Die Bundesregierung überlegt seit dem Anschlag bei der Deutschen Botschaft in Kabul, ob Afghanistan unter die so genannten "sicheren Herkunftsländer" fällt. Wir wollen, dass sich der Kreistag in einer Resolution kategorisch gegen Abschiebungen nach Afghanistan ausspricht und das Ausländeramt des Kreises alle Mittel ausschöpft, um sie zu verhindern. Hier die Resolution im Wortlaut:

 

Sehr geehrter Herr Landrat,

zur nächsten Sitzung des Kreistags am 12. Juli 2017 stellt die Fraktion DIE LINKE den folgenden Antrag:

1. Der Kreistag appelliert an Bundes- und Landesregierung vor dem Hintergrund der aktuellen Neubewertung der Sicherheitslage in Afghanistan einen dauerhaften und vollständigen Abschiebestopp nach Afghanistan zu verfügen.

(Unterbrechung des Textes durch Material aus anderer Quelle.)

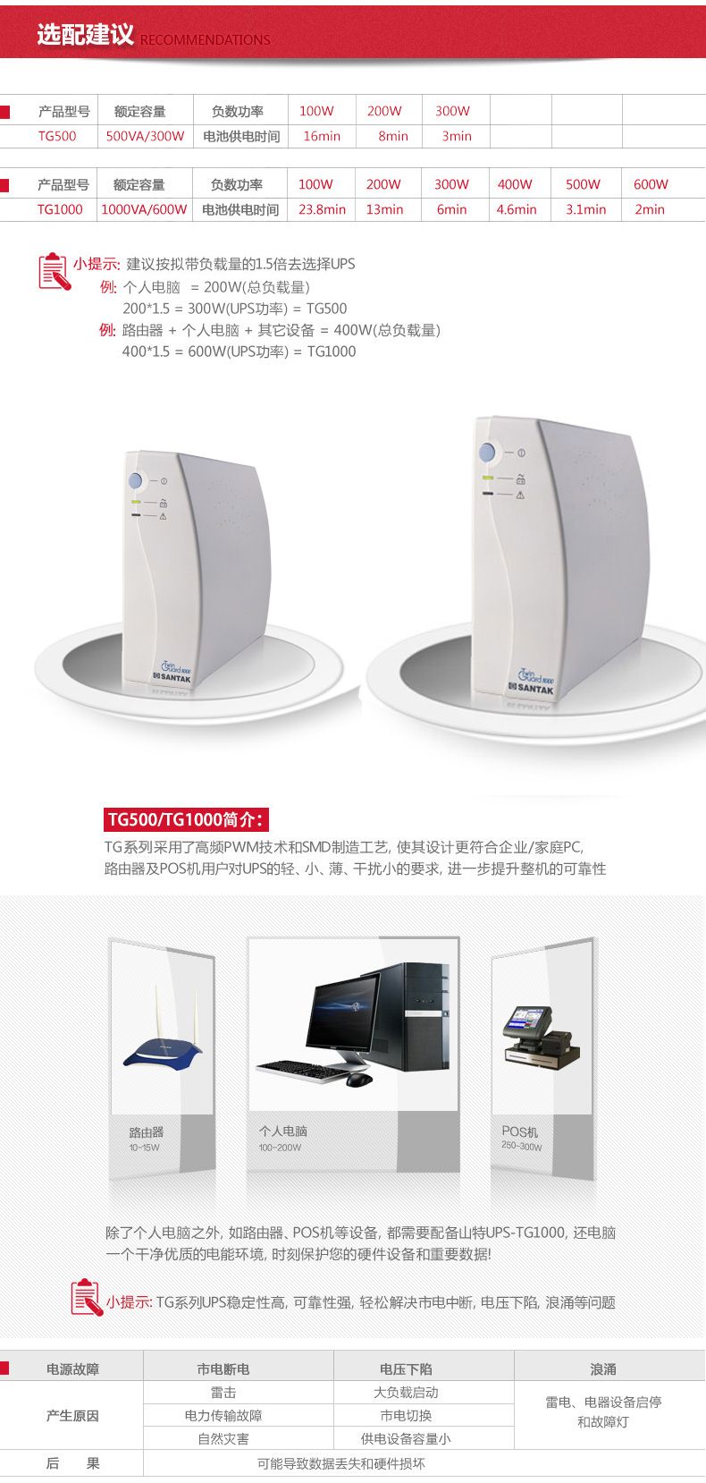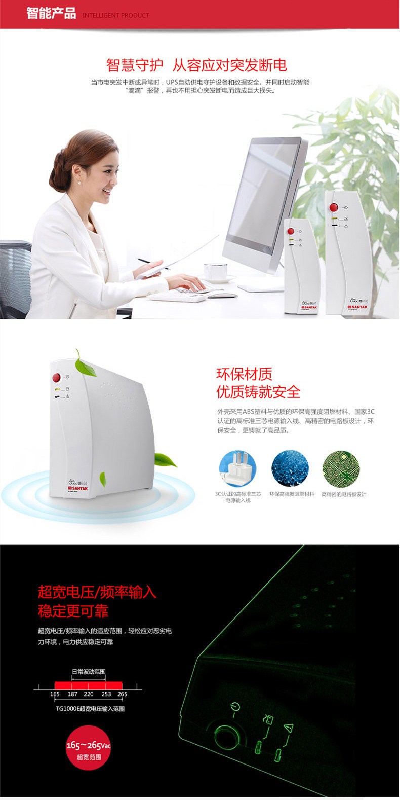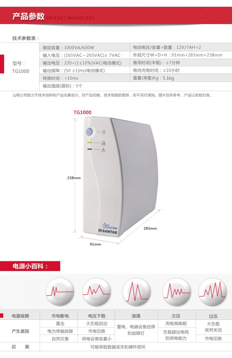 商品名称:山特(SANTAK) UPS不间断电源后备式TG1000电脑服务器防浪涌断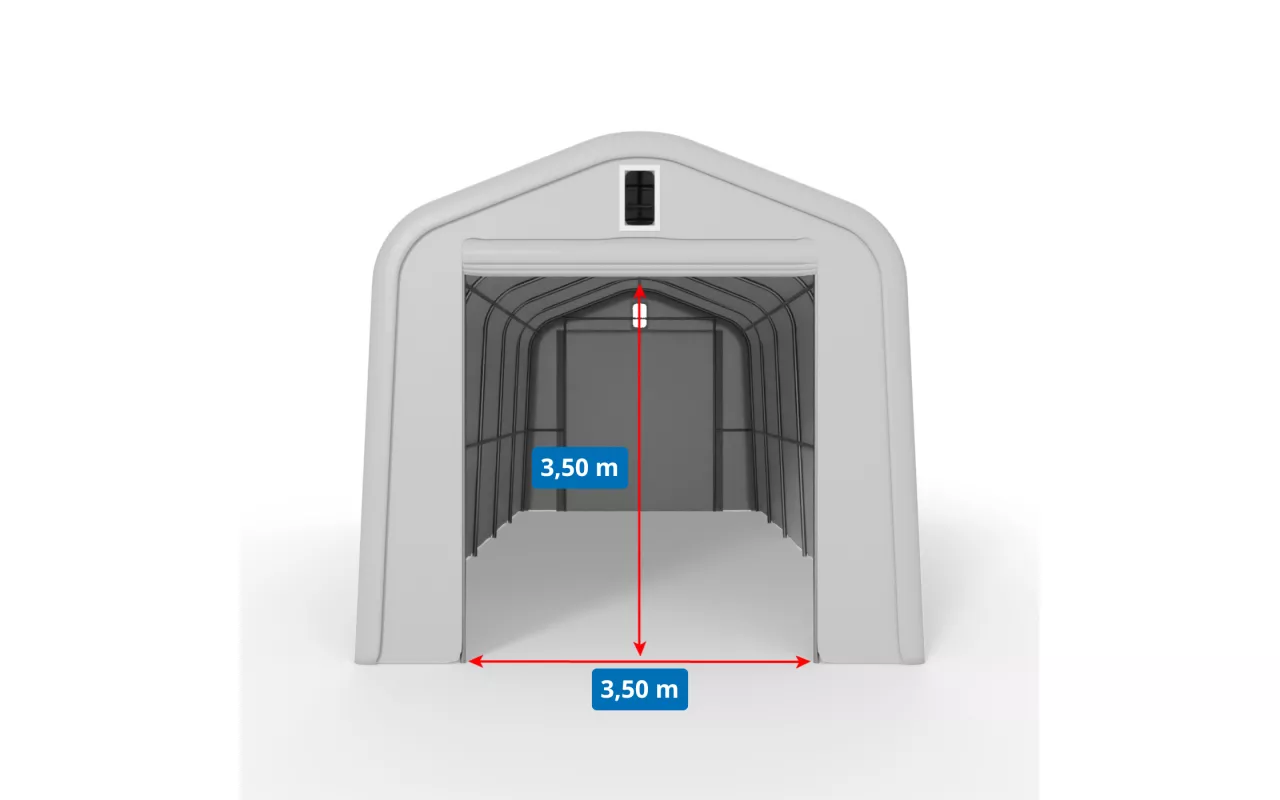 Die Struktur des Garagenzeltes zeichnet sich durch die Verwendung von Stützrohren und Verbindungsstücken mit vergrößertem Durchmesser aus, was die Festigkeitsparameter des gesamten Systems deutlich erhöht. Das Schlüsselelement der Struktur ist kaltgewalzter Stahl, der eine außergewöhnliche Widerstandsfähigkeit gegenüber statischen und dynamischen Belastungen bietet und das Risiko einer Verformung ausschließt.

2. Die Kreisverwaltung und die Ausländerbehörde werden gebeten, alle Möglichkeiten zu nutzen, um Abschiebungen nach Afghanistan zu verhindern. Dazu gehört u.a. eine Prüfung, ob im Einzelfall ein Aufenthalt aus humanitären Gründen gemäß § 25 AufenthG möglich ist.

Begründung:

Nicht erst seit dem Anschlag nahe der deutschen Botschaft in Kabul hätte allen Beteiligten klar sein müssen, dass Afghanistan kein sicheres Land ist. Abschiebungen nach Afghanistan sind Ausdruck einer menschenfeindlichen Asylpolitik. Eine vorübergehende Einschränkung der Abschiebepraxis reicht daher nicht aus. Für viele Abgeschobene kam der vorübergehende Abschiebestopp im Juni ohnehin zu spät, und auch für Gefährder, Straftäter und Personen, die ihre Identität nicht preisgeben wollen und für die der vorübergehende Abschiebestopp daher keine Wirkung hatte, gelten Menschenrechte. Kreistag und Landrat sollen deshalb darauf hinwirken, dass dauerhaft keine Abschiebungen nach Afghanistan mehr vorgenommen werden.